**YOUR GOAL:**
Please retype the listing below word for word and exclude its images.

**PROVIDED DATA:**
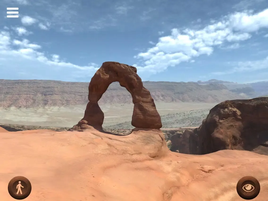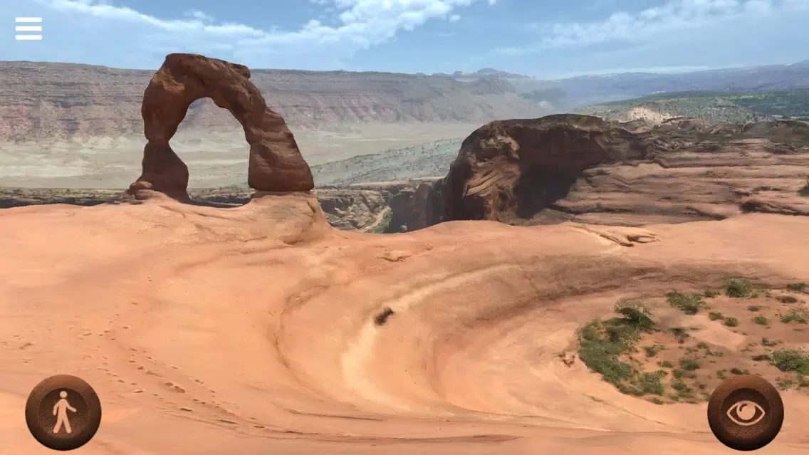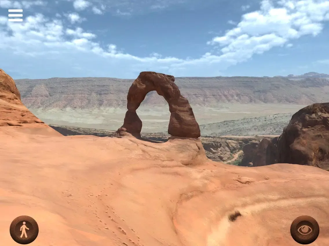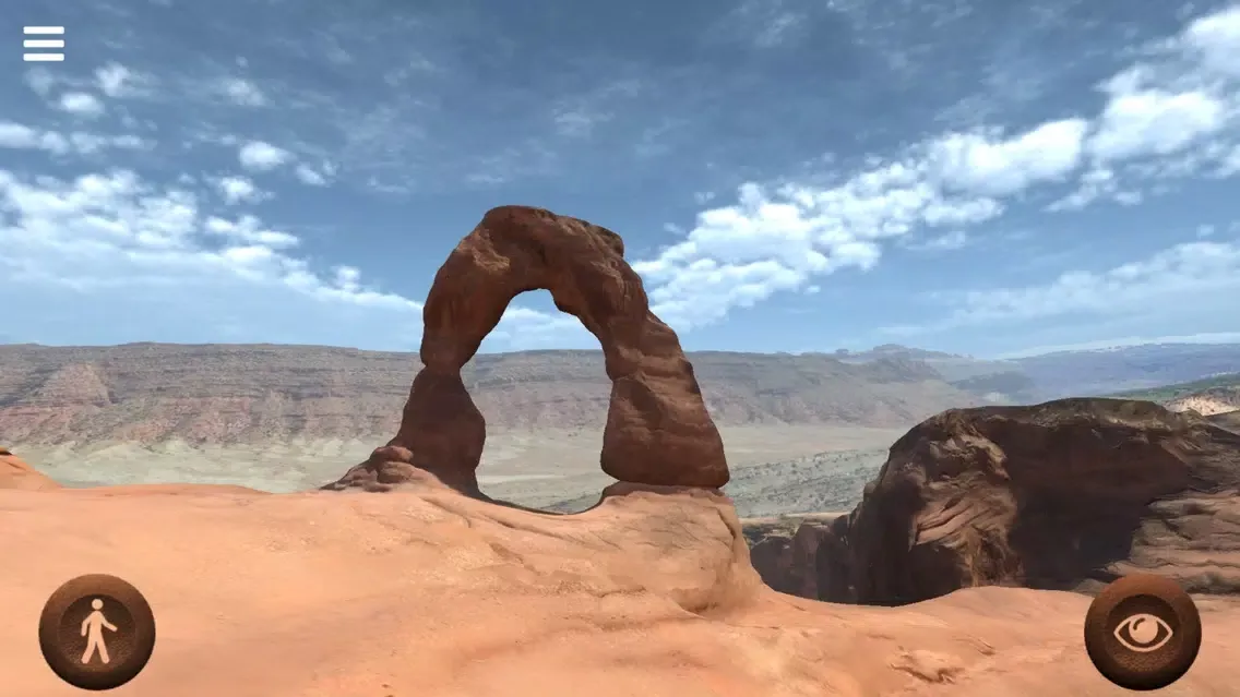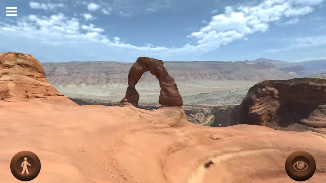 With this application you can freely walk around the "Delicate Arch", a 20 meter freestanding natural arch located in the Arches National Park, Utah, United States of America. Move your joypads to walk around and see the place. Walk under the arch and enjoy the view. Photo-realistic quality of this virtual reconstruction will really give you the feeling of being there.
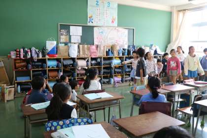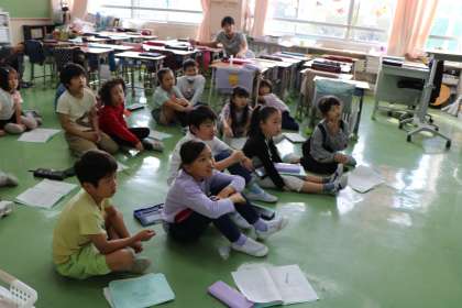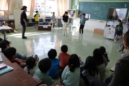 2年生学芸会の様子です。自分たちの演技を動画に撮り振り返っている教室もあります。
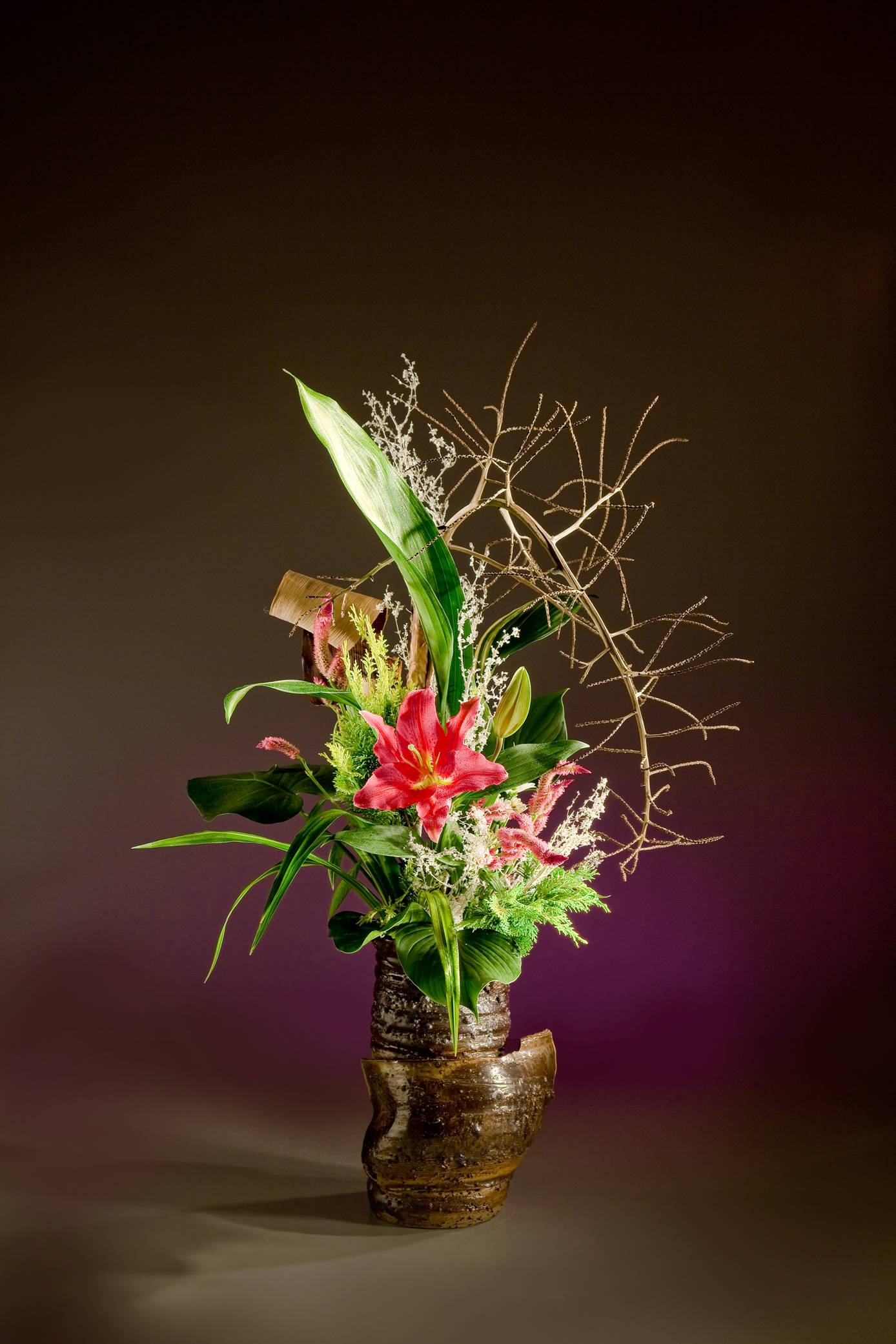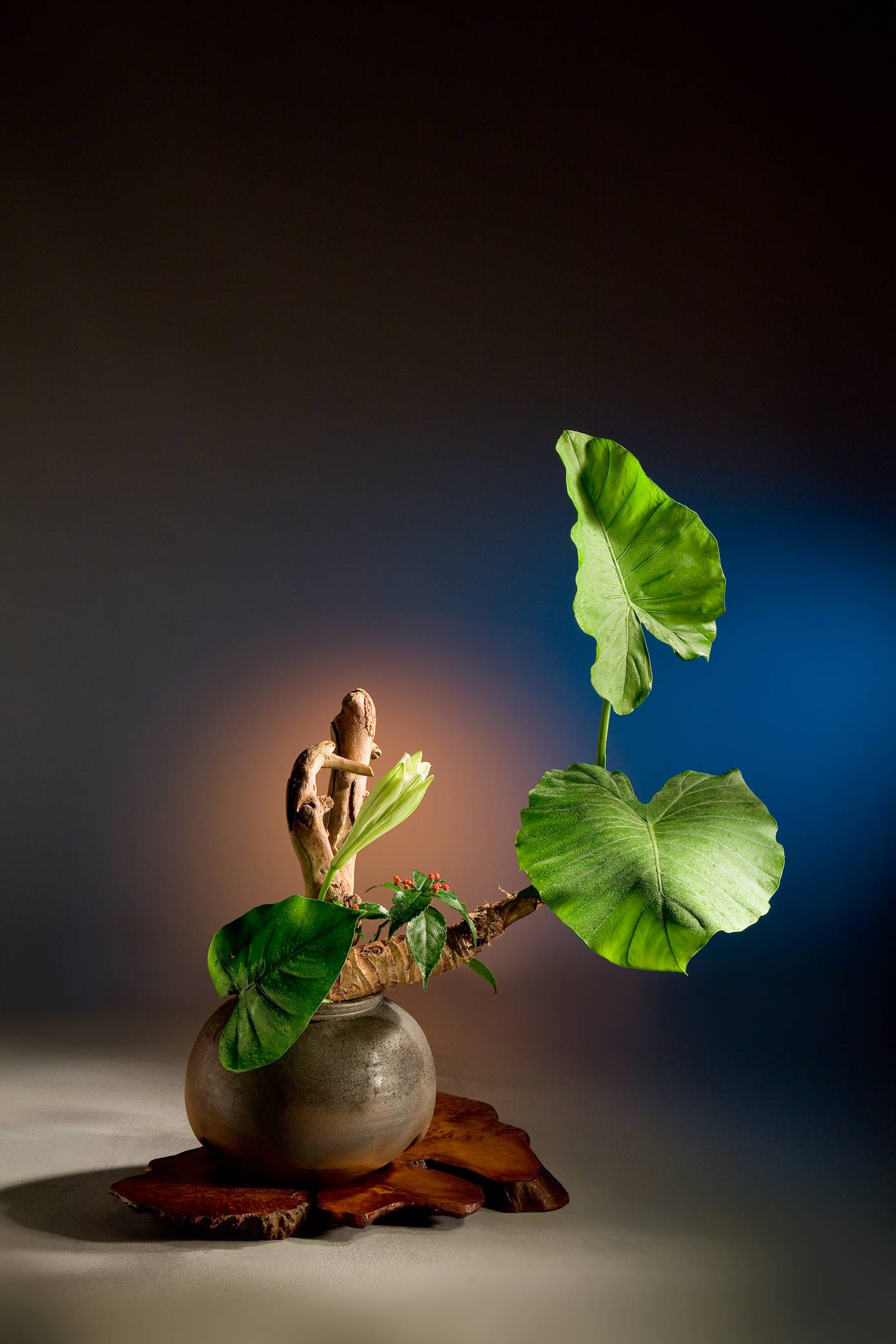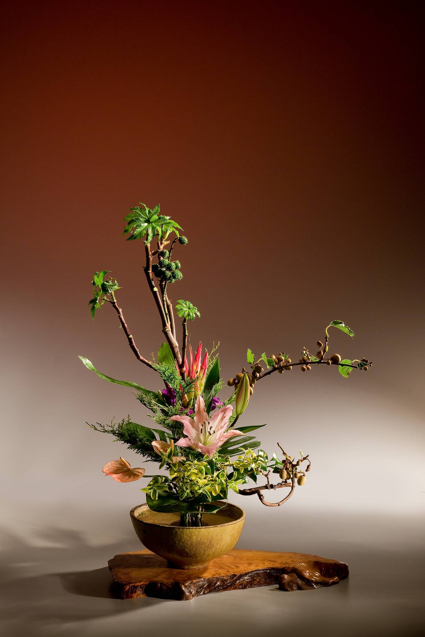 花材:姑婆芋葉、千兩、百合、火鶴葉

**RESULT FOR THIS EXERCISE:**
 With this application you can freely walk around the "Delicate Arch", a 20 meter freestanding natural arch located in the Arches National Park, Utah, United States of America. Move your joypads to walk around and see the place. Walk under the arch and enjoy the view. Photo-realistic quality of this virtual reconstruction will really give you the feeling of being there.
 2年生学芸会の様子です。自分たちの演技を動画に撮り振り返っている教室もあります。
 花材:姑婆芋葉、千兩、百合、火鶴葉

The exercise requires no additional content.